Question

In Quebec, 90 percent of the population subscribes to the Roman Catholic religion. In a random sample of eight Quebecois, find the probability that the sample contains at least five Roman Catholics.

Answer 1

Answer:

Probability that the sample contains at least five Roman Catholics = 0.995 .

Step-by-step explanation:

We are given that In Quebec, 90 percent of the population subscribes to the Roman Catholic religion.

The Binomial distribution probability is given by;

 P(X = r) = $\binom{n}{r}p^{r}(1-p)^{n-r}$ for x = 0,1,2,3,.......

Here, n = number of trials which is 8 in our case

         r = no. of success which is at least 5 in our case

         p = probability of success which is probability of Roman Catholic of

                 0.90 in our case

So, P(X >= 5) = P(X = 5) + P(X = 6) + P(X = 7) + P(X = 8)
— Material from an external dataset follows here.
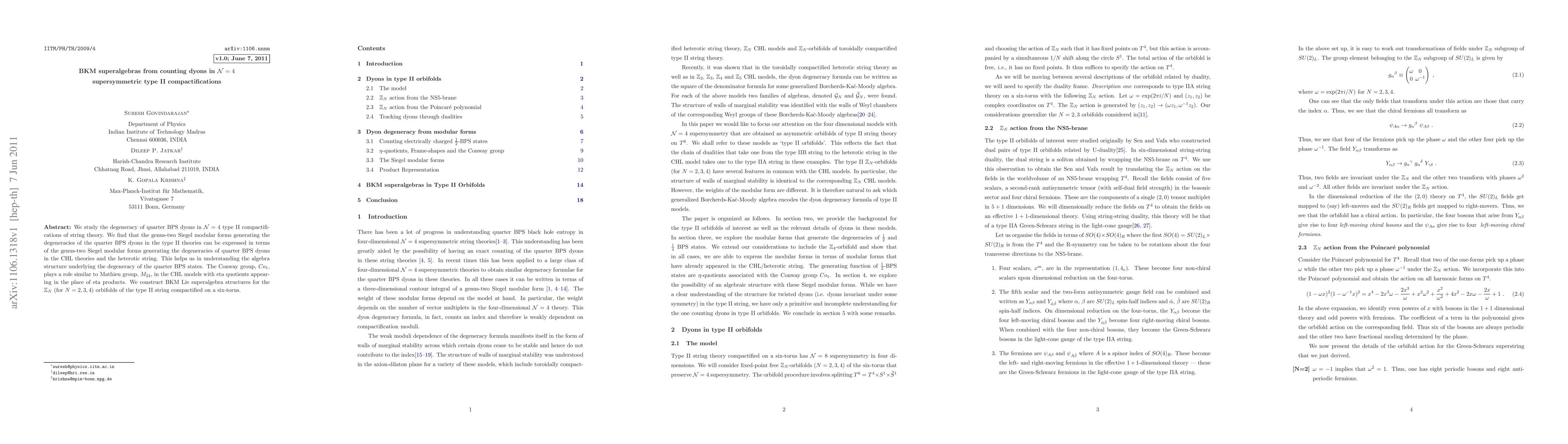 We study the degeneracy of quarter BPS dyons in N =4 type II compactifications of string theory. We find that the genus-two Siegel modular forms generating the degeneracies of the quarter BPS dyons in the type II theories can be expressed in terms of the genus-two Siegel modular forms generating the degeneracies of quarter BPS dyons in the CHL theories and the heterotic string. This helps us in understanding the algebra structure underlying the degeneracy of the quarter BPS states. The Conway group, Co_1, plays a role similar to Mathieu group, M_{24}, in the CHL models with eta quotients appearing in the place of eta products. We construct BKM Lie superalgebra structures corresponding to Z_N (for N=2,3,4) orbifolds of the type II string compactified on a six-torus.

= $\binom{8}{5}0.9^{5}(1-0.9)^{8-5} + \binom{8}{6}0.9^{6}(1-0.9)^{8-6} + \binom{8}{7}0.9^{7}(1-0.9)^{8-7} + \binom{8}{8}0.9^{8}(1-0.9)^{8-8}$

= 56 * $0.9^{5} * (0.1)^{3}$ + 28 * $0.9^{6} * (0.1)^{2}$ + 8 * $0.9^{7} * (0.1)^{1}$ + 1 * $0.9^{8}$

= 0.995

Therefore, probability that the sample contains at least five Roman Catholics is 0.995.